Could this saccadic orienting inertia be specific to the experiment? For example, observers may have intended to catch as many letters as possible by viewing the noise movie on a global scale and by consequently suppressing additional saccadic shifts toward the letters. And there is always the possibility that certain parameters of a 'laboratory' experiment cause peculiar behavior. Yet it is still perplexing how robust and far-reaching attentional shifts can be despite the noisiness of the display. It is the marker that encouraged attentional shifts and facilitated identification.
Changing the marker's appearance properties affected the performance in different ways (
Figure 7). The marker manipulations we tested were essentially all some form of ‘motion’ stimulus and given that such stimuli are very salient (
Franconeri & Simons 2003), one could have expected that they increase performance. It is only the wiggly marker, which showed a slight increase in foveation performance, but for identification performance the motion markers were rather detrimental. The reason may have been that such markers do not combine well with a dynamic noise background. In contrast, the ‘fixed’ marker, which pops out as a constant spot in this restless background, may appear as a ‘calm’ guidance. The reason why performance for the flickering marker dropped substantially may have been that the high flicker frequency generates the phenomenon of flicker fusion: with the low amplitude
amrk, the flickering marker may thus simply have appeared at half brightness, and may have been too dim to be noticed as efficiently as the others. There is also the possibility that a motion marker may be more effective in the eye field (outside the parafovea), but the analysis of that is hindered by the difficulty of relating gaze behavior with manual identification responses. But the important lesson drawn from manipulations with these motion markers is that for gaze guidance, the actual identification process should not be underestimated: gaze guidance toward a location is only one aspect of the process, but the identification of structure at that location is another important aspect.
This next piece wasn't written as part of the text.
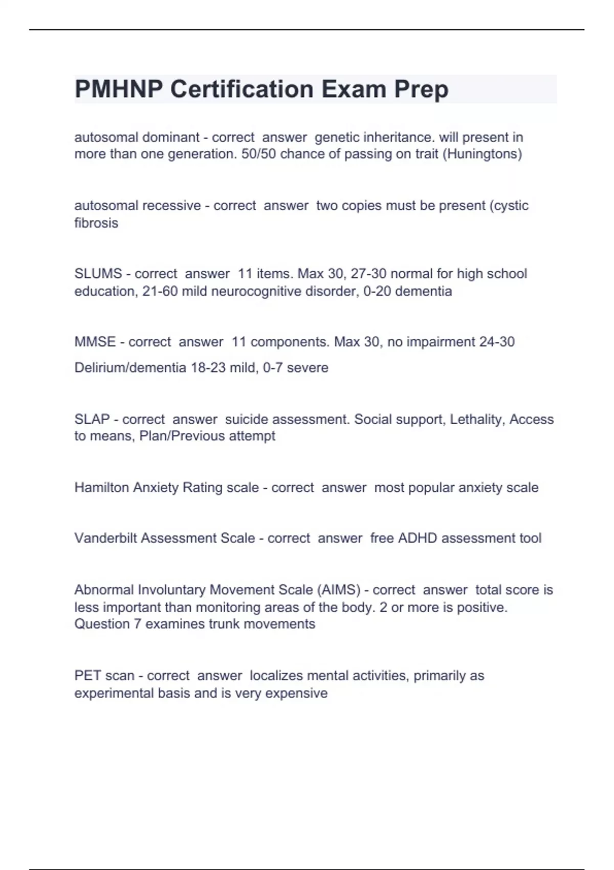 PMHNP Certification Exam Prep Question and answers 100% correct 2024 autosomal dominant - correct answer genetic inheritance. will present in more than one generation. 50/50 chance of passing on trait (Huningtons) autosomal recessive - correct answer two copies must be present (cystic fibrosis SLUMS - correct answer 11 items. Max 30, 27-30 normal for high school education, 21-60 mild neurocognitive disorder, 0-20 dementia MMSE - correct answer 11 components. Max 30, no impairment 24-30 Delirium/dementia 18-23 mild, 0-7 severe SLAP - correct answer suicide assessment. Social support, Lethality, Access to means, Plan/Previous attempt Hamilton Anxiety Rating scale - correct answer most popular anxiety scale Vanderbilt Assessment Scale - correct answer free ADHD assessment tool Abnormal Involuntary Movement Scale (AIMS) - correct answer total score is less important than monitoring areas of the body. 2 or more is positive. Question 7 examines trunk movements PET scan - correct answer localizes mental activities, primarily as experimental basis and is very expensive

The manipulations with temporal gap sizes aimed at determining the degree of masking (
Figure 6). Masking is the phenomenon that when two stimuli are presented in rapid succession at the same spatial location, then one stimulus can influence or even prohibit the perception of the other (
Coltheart, 1999). Applied to our experiments, this means that a marker can affect the detectability of its guided letter (also called forward-masking). This likely has occurred in case of the 50 ms gap, for which the identification rate was smaller than for the 100 ms gap. But for the larger gap size of 150 ms, identification declined again, possibly because of the intrinsic rhythm of the visual system to move on and to remain only briefly on a fixated spot: the two events (marker and letter) may have been temporally too dissociated.
As our experiments were carried out under strict psychophysical conditions, e.g. using a dark room and a chin rest to fix the head, one may wonder whether the results also extend to more natural conditions. Eye-tracking at a PC monitor or in a car cockpit certainly does not provide the same type of accuracy and the eye-position measurements would therefore show a larger degree of variability. Furthermore, under more natural conditions the amount of undershoot or orienting inaccuracy may be even higher. Hence, the more important is the need for compensating this variability with cleverly placed markers.
We summarize the specific experiences made in this study as a set of caveats and recommendations, which are to be considered when designing a gaze guidance system. We thereby include experiences from our previous study (
Rasche & Gegenfurtner, 2010).
- 1)
To compensate for the decline in peripheral acuity, the marker’s amplitude is set proportional to its eccentricity by an exponentially saturating function: amrk(e)=amin+ amax-exp(-e)amax (amin= minimal amplitude, amax= maximal amplitude).
- 2)
Motion markers can be better gaze-capturing events than stationary markers, however they are potentially detrimental to recognition performance at their location.
- 3)
In case of guidance toward briefly appearing stimuli, the optimal gap size between marker offset and target onset is ca. 100 ms to avoid strong forward-masking effects.